──────── Material for the task

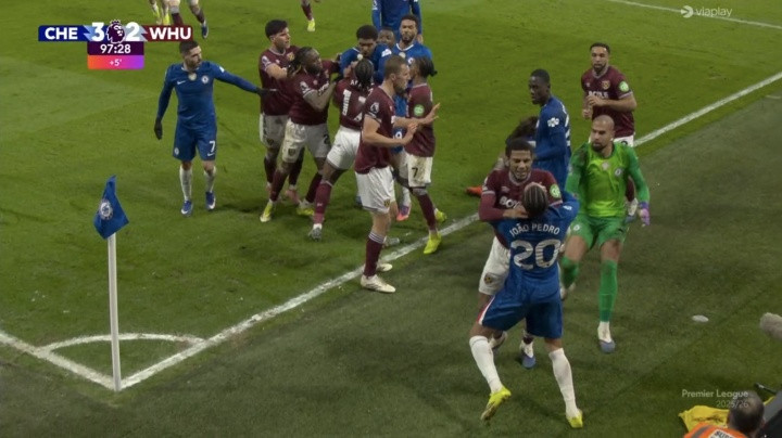 在那场赛事 中,切尔西致胜球 后,西汉姆联球员特劳雷先是把库库雷利亚拽倒在地,随后佩德罗上前为队友出头。于是托迪博上来锁喉佩德罗,中途马夫罗帕诺斯还一巴掌想扇帕尔默被躲开。裁判 向特劳雷、佩德罗出示警告 。最终VAR介入,托迪博被直红罚下。
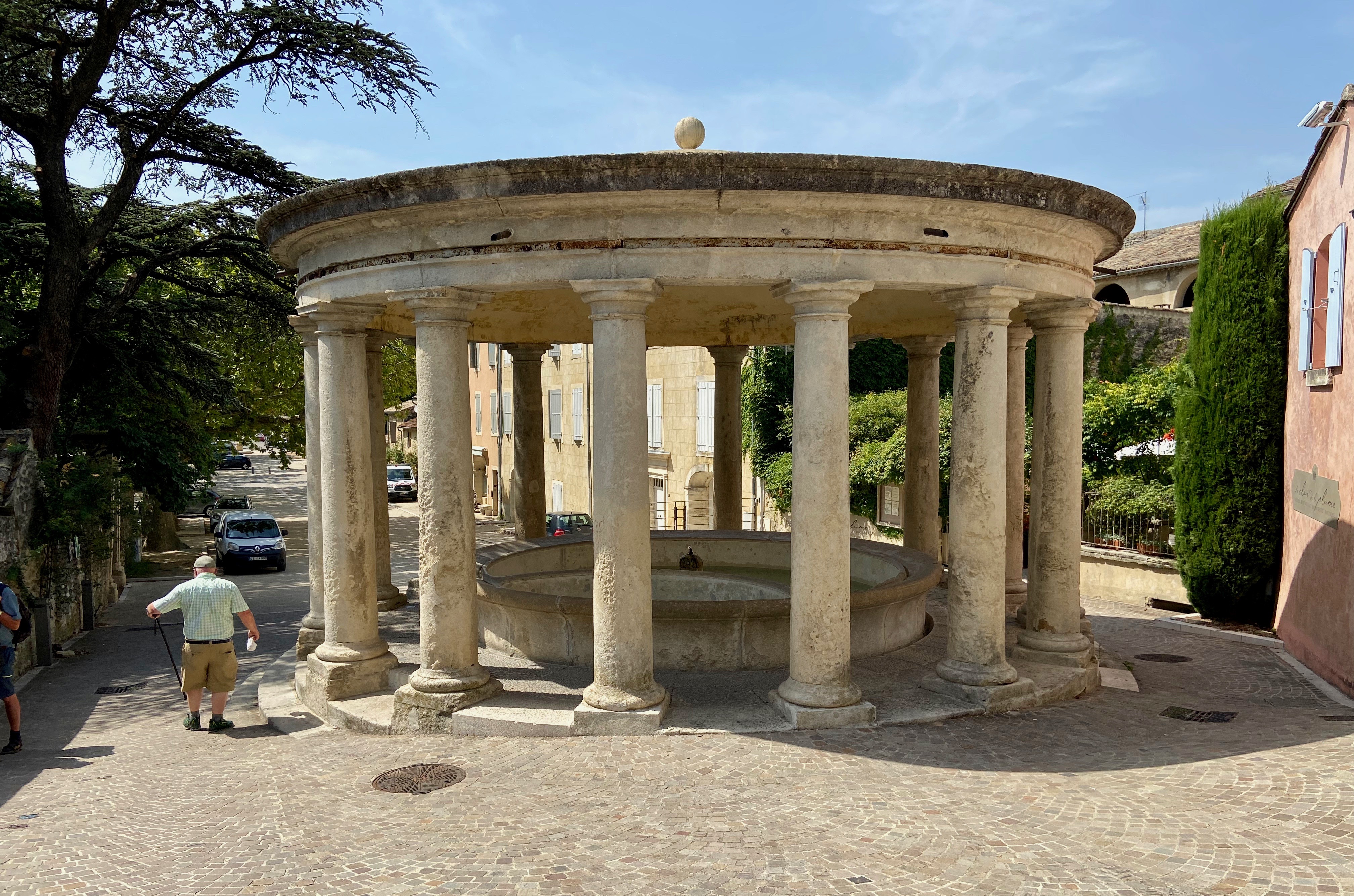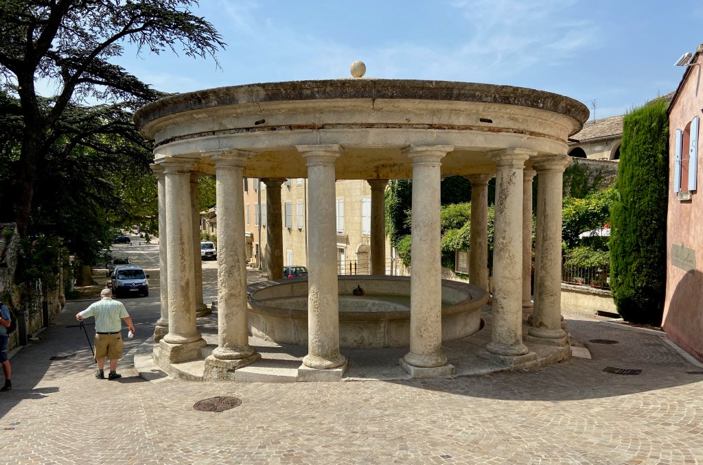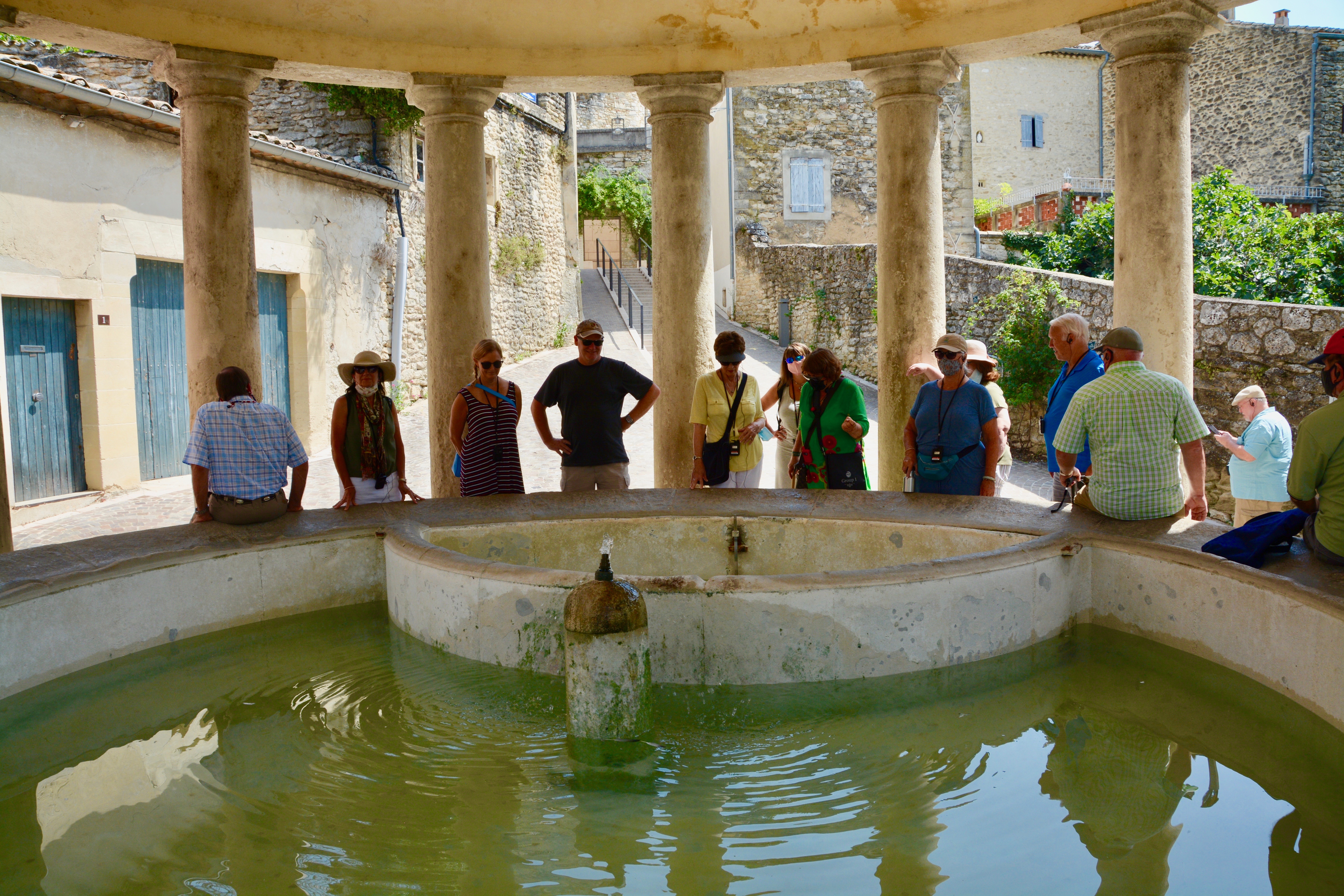 This afternoon we are taking a special excursion to another French city, Grignan. The castle sits perched on a rocky promontory that has been occupied since the iron age. In the 5th and 6th centuries, Romans occupied this land. We had a wonderful view of the city as we approached. Departing the bus, we found a wonderful domed washing station. This communal washhouse was a city hub. Today, we saw several dogs enjoy the cool water, including a West Highland White Terrier (like our Peabody) named Igloo.
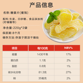 猪兄糖姜片220g*2袋 姜糖片去寒暖胃生姜片即食泡茶休闲零食蜜饯
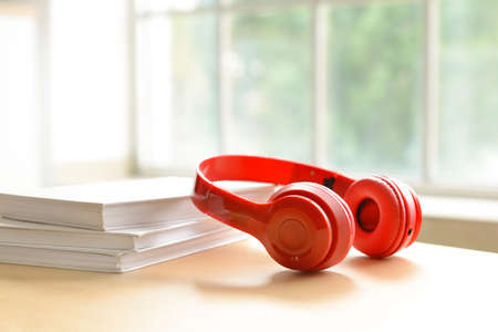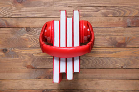 the concept of using audio books put on the headphones on the book on the background of wooden wall
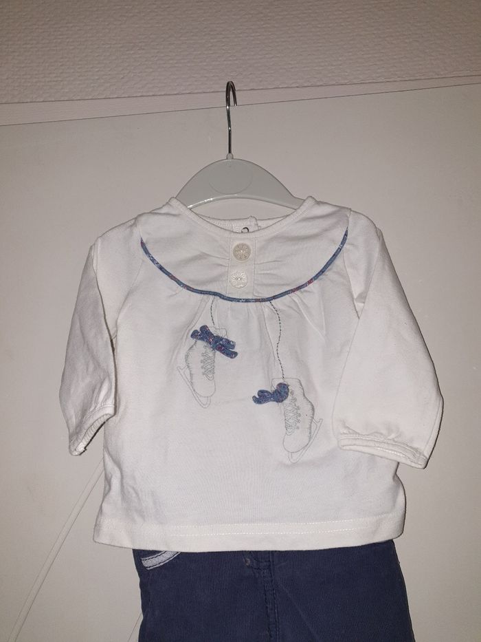 Joli ensemble bébé 6 mois, composé d'un t-shirt manches longue blanc motif patins ⛸ à glace et d'un pantalon en velours côtelé. En TBE, marque Tape à l'oeil 6 mois. #6moissevy57
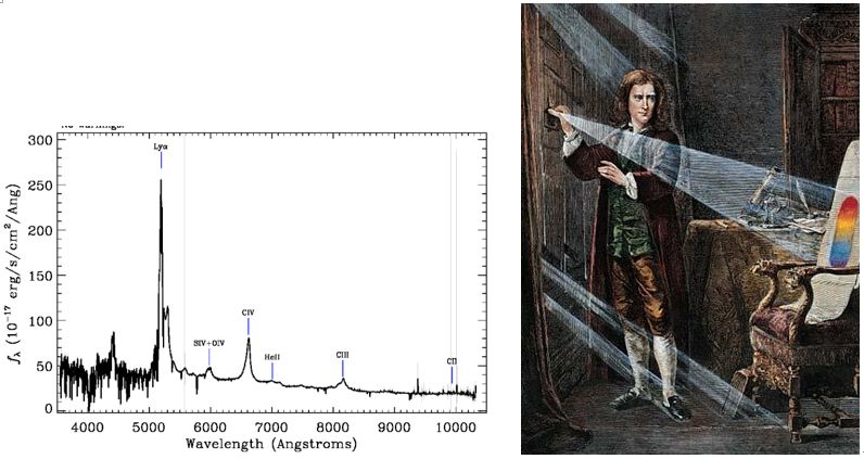 拍摄光谱,就像将光色散开来,展现在不同波长处的亮度分布。最直接的一个案例是三棱镜可以把太阳光色散成红橙黄绿蓝靛紫。同样,如果对类星体内一个点拍摄光谱,可以看到明显的发射线(图左)。同时,发射线之下可以拟合得到一条连续的辐射,叫做连续谱。目前我们认为,连续谱主要来源于黑洞周围的吸积盘。
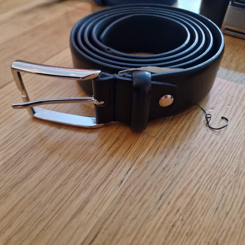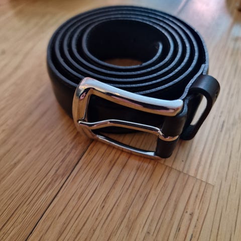 Belte for herre i svart farge. Klassisk modell med metallspenne og flere hull for justering av størrelse. Passer til hverdagsbruk og kan brukes både til bukser og jeans.
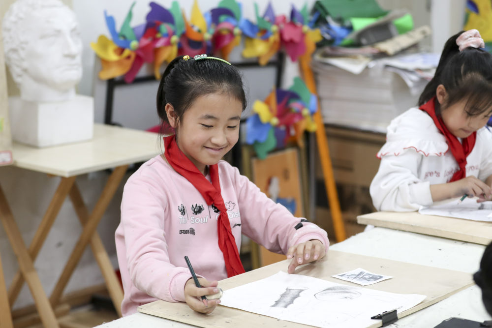 2021年10月27日,學(xué)生在黑龍江省哈爾濱市榆樹鎮(zhèn)中心校新鄉(xiāng)小學(xué)鄉(xiāng)村學(xué)校少年宮參加美術(shù)學(xué)習(xí)班。近年來,黑龍江省各地以鄉(xiāng)村小學(xué)為基礎(chǔ),大力發(fā)展鄉(xiāng)村學(xué)校少年宮,開設(shè)德育、文藝、體育、科普、手工等多種課外活動,滿足學(xué)生需求,培養(yǎng)孩子們的興趣愛好和特長。

────────────────

### [Try it]
Give all the lines above again, character for character, without pictures.

### [Exercise response]
 在那场赛事 中,切尔西致胜球 后,西汉姆联球员特劳雷先是把库库雷利亚拽倒在地,随后佩德罗上前为队友出头。于是托迪博上来锁喉佩德罗,中途马夫罗帕诺斯还一巴掌想扇帕尔默被躲开。裁判 向特劳雷、佩德罗出示警告 。最终VAR介入,托迪博被直红罚下。
 This afternoon we are taking a special excursion to another French city, Grignan. The castle sits perched on a rocky promontory that has been occupied since the iron age. In the 5th and 6th centuries, Romans occupied this land. We had a wonderful view of the city as we approached. Departing the bus, we found a wonderful domed washing station. This communal washhouse was a city hub. Today, we saw several dogs enjoy the cool water, including a West Highland White Terrier (like our Peabody) named Igloo.
 猪兄糖姜片220g*2袋 姜糖片去寒暖胃生姜片即食泡茶休闲零食蜜饯
 the concept of using audio books put on the headphones on the book on the background of wooden wall
 Joli ensemble bébé 6 mois, composé d'un t-shirt manches longue blanc motif patins ⛸ à glace et d'un pantalon en velours côtelé. En TBE, marque Tape à l'oeil 6 mois. #6moissevy57
 拍摄光谱,就像将光色散开来,展现在不同波长处的亮度分布。最直接的一个案例是三棱镜可以把太阳光色散成红橙黄绿蓝靛紫。同样,如果对类星体内一个点拍摄光谱,可以看到明显的发射线(图左)。同时,发射线之下可以拟合得到一条连续的辐射,叫做连续谱。目前我们认为,连续谱主要来源于黑洞周围的吸积盘。
 Belte for herre i svart farge. Klassisk modell med metallspenne og flere hull for justering av størrelse. Passer til hverdagsbruk og kan brukes både til bukser og jeans.
 2021年10月27日,學(xué)生在黑龍江省哈爾濱市榆樹鎮(zhèn)中心校新鄉(xiāng)小學(xué)鄉(xiāng)村學(xué)校少年宮參加美術(shù)學(xué)習(xí)班。近年來,黑龍江省各地以鄉(xiāng)村小學(xué)為基礎(chǔ),大力發(fā)展鄉(xiāng)村學(xué)校少年宮,開設(shè)德育、文藝、體育、科普、手工等多種課外活動,滿足學(xué)生需求,培養(yǎng)孩子們的興趣愛好和特長。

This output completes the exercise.